Posted by: fireweaver | March 29, 2006

attainability of perfection

my office-roomie Lynn is in the same boat i am: studying like hell and busting out into the "real world" post-postdoc. she went on her storm of interviews and kept coming back the next day questioning if she even wanted to be a lab animal vet or not. plenty of things that one could settle for, but nothing that just lit her on fire. until she came back from one in particular a couple of weeks ago, all giddy. she landed that one late last week.

i'm currently in the midst of my own interview storm. just came back a couple of hours ago, and i'm feeling, well, a bit Lynn-ish. this place is either an EXTREMELY bad idea, or a fantastic opportunity in disguise. currently, it's a pack of crappy old buildings and a program in need of a lot of change. essentially, it's being rebuilt from the foundation, both as far as people go (hiring *several* vets into the place, changing a lot about the program in general) and as far as the physical place goes (one single ginormous shiny new building opening in about a year).  in its current incarnation, the gig is not one any sane person would want to just jump on into.  the guy who runs the place, tho, he's new, he obviously passionately cares about what he's doing, he has big ideas and the backing-up muscle from the corporate higher-ups that can actually get things done.  it's an opportunity to get in on the ground level and build everything about that program into my dream situation.  what it all comes down to is the debate as to whether or not taking *the opportunity for* a good job is enough.  

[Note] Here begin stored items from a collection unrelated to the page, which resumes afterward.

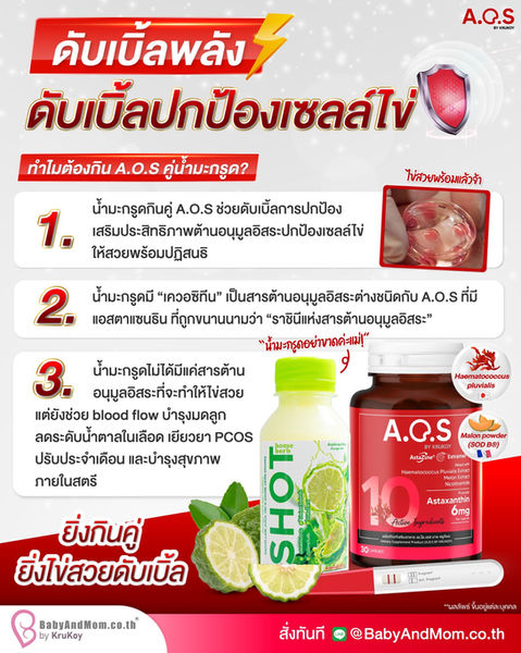 A.O.S By KruKoy ผลิตภัณฑ์เสริมอาหารที่ออกแบบมาเพื่อผู้หญิงที่มีภาวะมีบุตรยาก เนื่องจากเซลล์ไข่ที่ไม่มีคุณภาพ ไข่ไม่สมบูรณ์ จากการถูกทำลายของอนุมูลอิสระ ด้วย 10 สารสกัดของสารต้านอนุมูลอิสระที่มีประสิทธิภาพ พร้อมทั้งมีงานวิจัยรองรับว่าอาจมีส่วนช่วยให้สามารถช่วยเพิ่มคุณภาพของเซลล์ไข่ ให้พร้อมสำหรับการปฏิสนธิ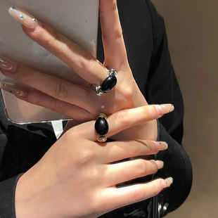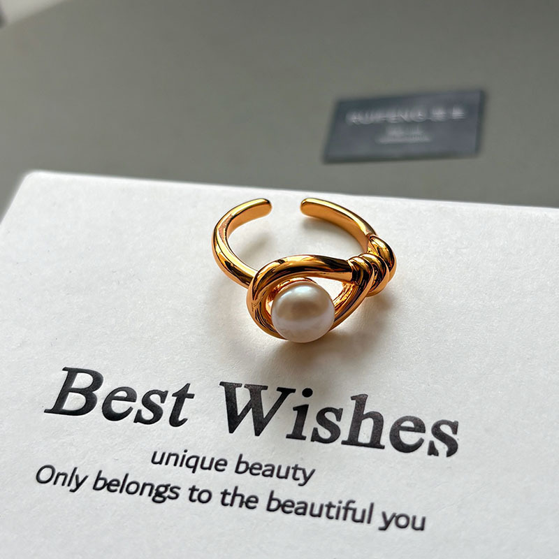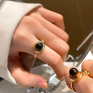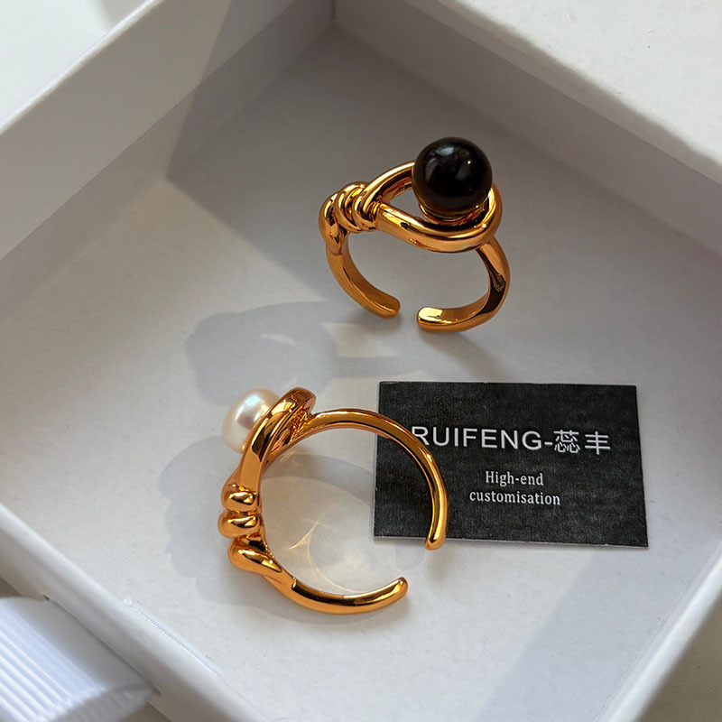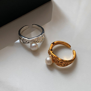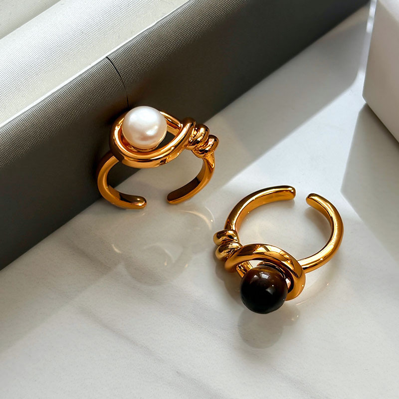 法式复古美拉德天然虎眼石指环女天然淡水珍珠开口戒时尚轻奢手饰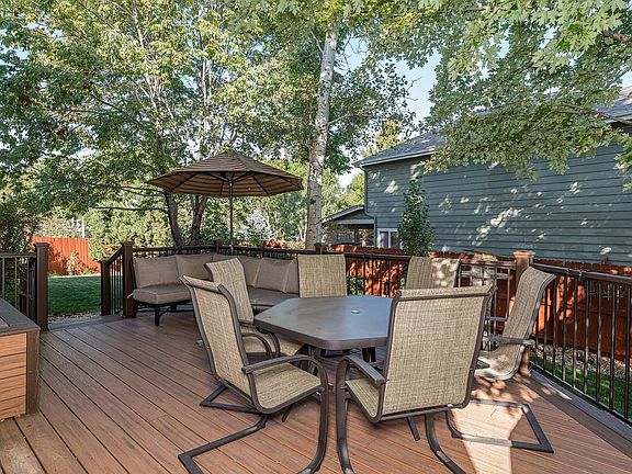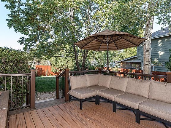 Easy access to parks, open space, trails! Clubhouse, pool, tennis, racquetball+basketball! Corner cul-de-sac w/fabulous outdoor living! Over-sized shaded Trex deck w/table, chairs, sofa+ cushions, umbrella+storage! Relax/entertain overlooking lrg flat yard! Rare 3 car garage= workbench, cabs, extra lighting, insulated doors. Bright, cheery sun-filled rooms! Great room w/soaring ceilings, lots of windows+gas fireplace graced w/stone, wood mantel+decorator niches. Arched openings to dining rm. Flr to ceiling windows/doors open to outdoor oasis. Kitch appl. incl, island/breakfast bar lit w/new pendant lights. Generous vaulted master suite, walk-in closet+att remod bath loaded w/quartz, tile+skylight. 2 add'l beds share full bath w/dual sinks, tile flr, coffered ceilings. Complete basement to your liking! Cabs, wash/dry incl. White baseboards/trim+six panel doors, nickel hardware, updated light fixtures, humidifier. Newer water heater/furn/AC, impact resist roof, ext paint, trim, gutters.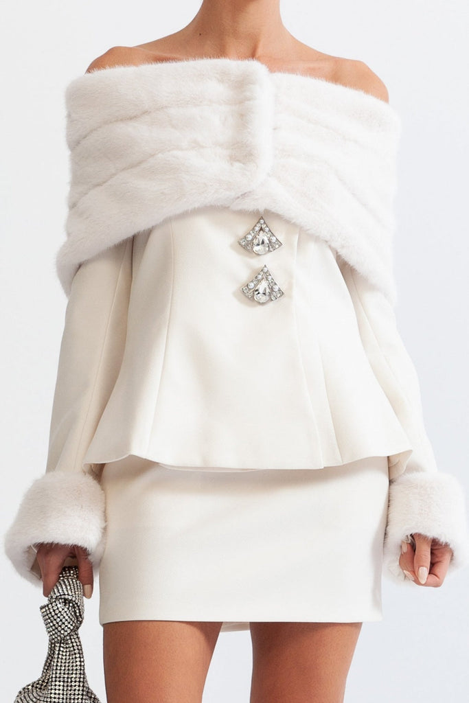 Gönnen Sie sich puren Luxus mit unserem zweiteiligen Eunice-Set aus schulterfreiem Kunstpelz. Gefertigt aus feinstem Kunstpelz, besticht dieses Set durch sein elegantes schulterfreies Design und ist perfekt für jeden Anlass. Fühlen Sie sich glamourös und stilvoll in diesem exklusiven Set.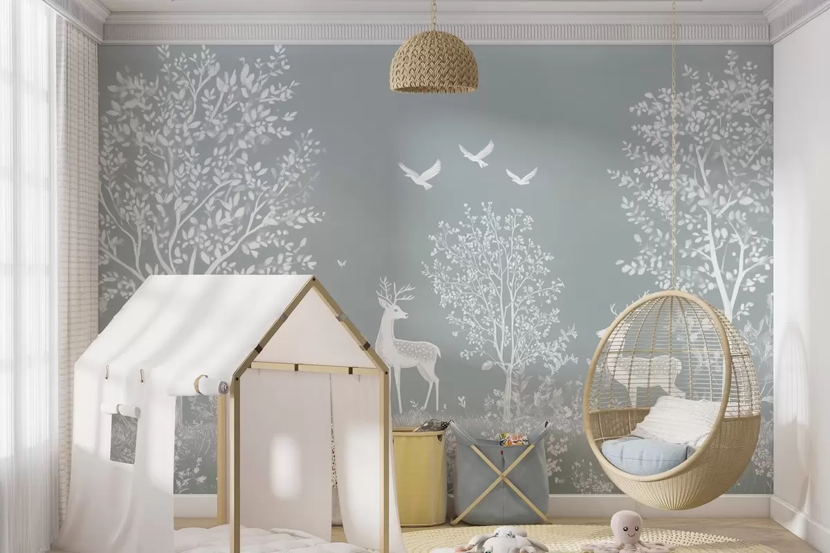 Valokuvatapetti metsä, jossa on peuroja liitupiirroksen tyyliin harmaalla pohjalla Nr w02444v2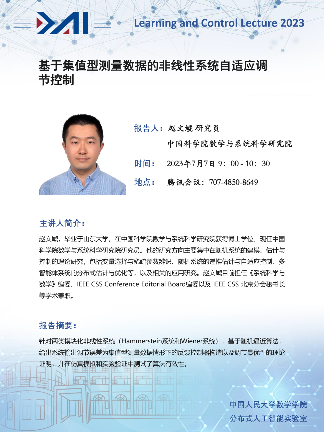 基于集值型测量数据的非线性系统自适应调节控制——赵文虓(中国科公司数学与系统科学研究院)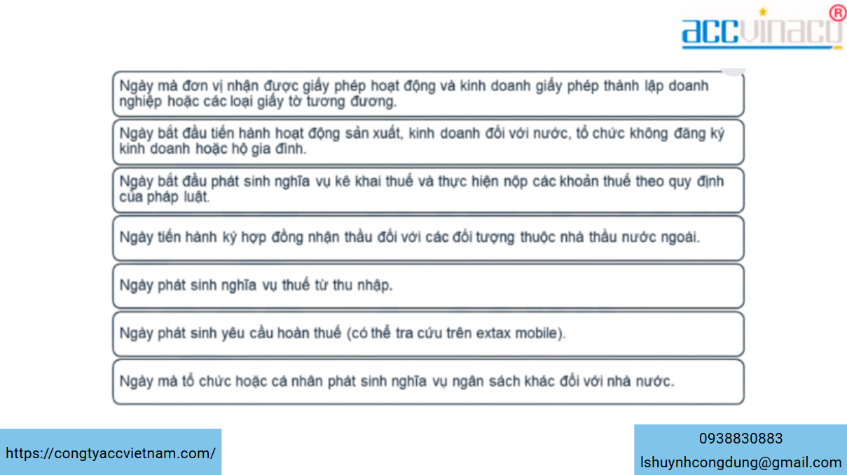 • Ngày bắt đầu phát sinh nghĩa vụ kê khai thuế và thực hiện nộp các khoản thuế theo quy định của pháp luật.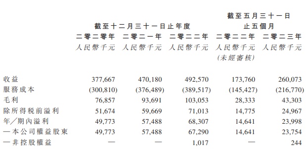 财务方面,于2020年、2021年、2022年以及2023年5月31日止,公司实现总收益分别约为人民币3.78亿元、4.70亿元、4.93亿元、2.6亿元,同期,公司实现年内溢利分别为人民币4977.3万元、5748.8万元、6830.7万元、2399.8万元。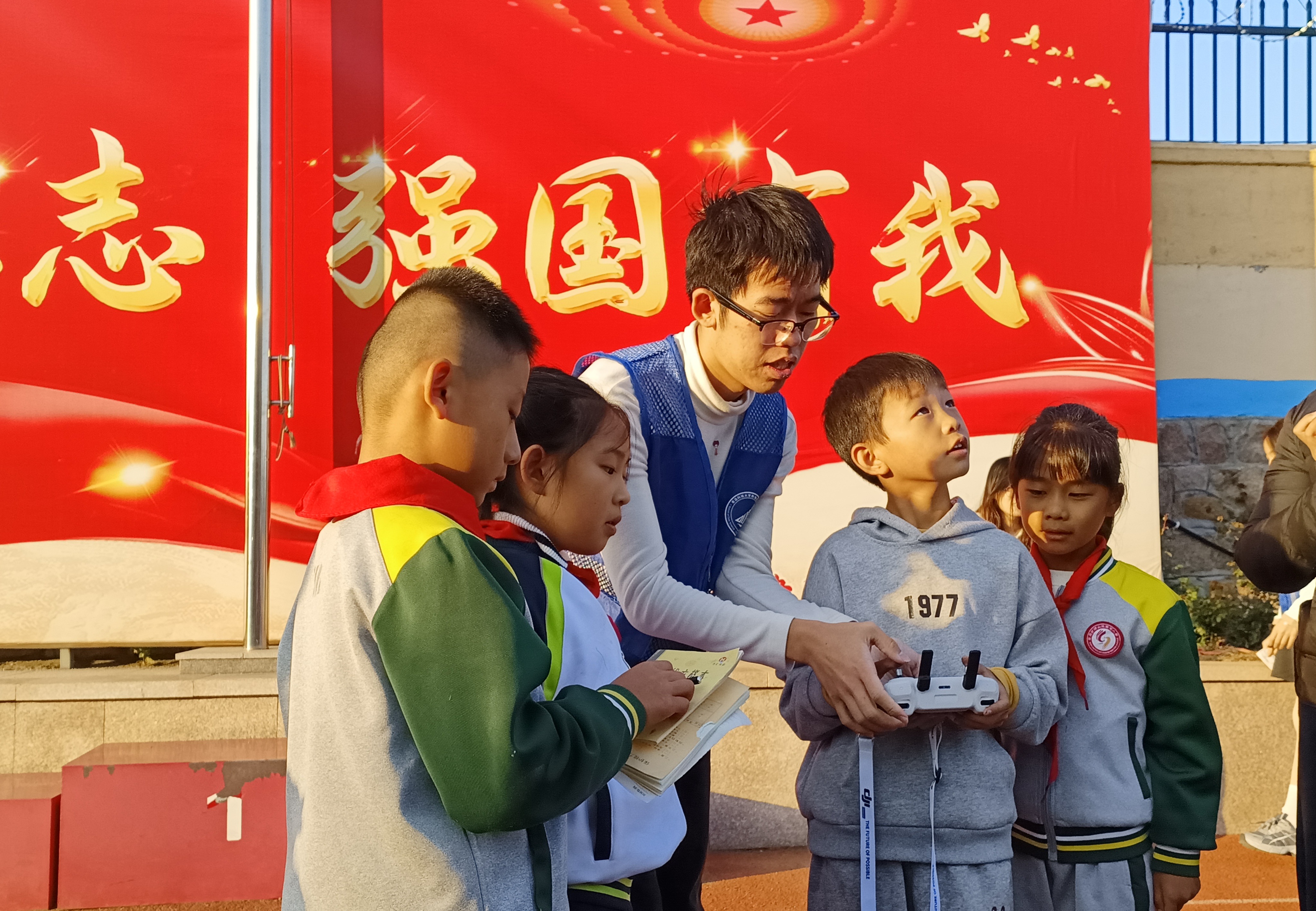 为扎实推进大中小学思政课一体化建设,将爱国主义教育与国防教育融入实践育人全过程,10月21日,数据科学学院组织20余名学生志愿者前往崂山区南宅小学,开展“无人机科普进校园 国防教育润童心”主题宣讲活动,为该校1-3年级200余名师生打造了一堂兼具科技感与思想性的“行走的思政课”。

**will** i find something i'm as giddy about as Lynn was about hers?  or am i just not the sort of person who can get all excited about something without being right up in it for a while first?  in doing all my postdoc interviews just 3 little years ago, i distinctly remember disliking several places i'd been, but i also remember being very much enamored of Emory's program until i came across the ol Johnny-H, which i was all kinds of excited about.  still, i had very specific pros & cons on my list of things for the postdoc, all of which JH happened to meet quite well.  i don't really have a checklist for the current search, and so far, the vague (but hugely important) goal of finding "a place where i fit in well with the existing crew", i.e., a place you really don't hate hauling yourself out of bed to get to every am, is not really helping me weed out potential suitors. 

aak.  decisions, decisions, decisions.